During the three months ended March 31, 2014, the Company completed the acquisition of three physician group practices for total cash consideration of $69.4 million. In connection with these acquisitions, the Company recorded goodwill of $63.8 million, other intangible assets consisting primarily of physician and hospital agreements of $5.8 million and other liabilities of $0.2 million. These acquisitions expanded the Company’s national network of physician practices. The Company expects that $50.3 million of the goodwill recorded during the three months ended March 31, 2014 will be deductible for tax purposes.

 

In addition, during the three months ended March 31, 2014, the Company paid $3.4 million for contingent consideration related to certain prior-period acquisitions, all of which was accrued for as of December 31, 2013.

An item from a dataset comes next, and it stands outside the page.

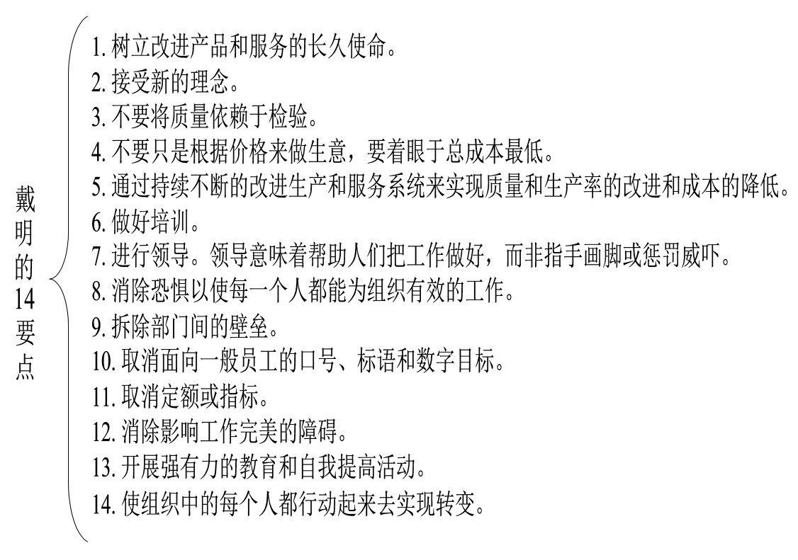 内容提要:戴明是一个质量管理专家,他提出了戴明十四要点和发展了PDCA环。PDCA包括Plan(计划)、Do(执行)、Check(检查)和Action(纠正),PDCA循环就它按照这样的顺序进行质量管理,并且循环不止地进行下去的科学程序。1950年,戴明对日本工业振兴提出了“以较低的价格和较好的质量占领市场”的战略思想。许多质量管理专家认为,戴明的理论帮助日本从一个衰退的工业国转变成了世界经济强国。戴明的管理可以总结为14要点(如图2-22所示)。

During the three months ended March 31, 2013, the Company paid $1.7 million for contingent consideration related to certain prior-period acquisitions, all of which was accrued as of December 31, 2012. In connection with a prior-period acquisition, the Company also recorded other assets of $0.5 million during the three months ended March 31, 2013.

The following unaudited pro forma information combines the consolidated results of operations of the Company on a GAAP basis and the acquisitions completed during 2014 and 2013, including adjustments for pro forma amortization and interest expense, as if the transactions had occurred on January 1, 2013 and January 1, 2012, respectively (in thousands, except for per share data):

 

     Three Months Ended
March 31,
 
     2014      2013  

Net patient service revenue

   $ 571,272       $ 556,883   

Net income

   $ 64,011       $ 61,731   

Net income per common share:

     

Basic

   $ 0.65       $ 0.63   

Diluted

   $ 0.64       $ 0.61   

The pro forma results do not necessarily represent results which would have occurred if the acquisitions had taken place at the beginning of the periods, nor are they indicative of the results of future combined operations.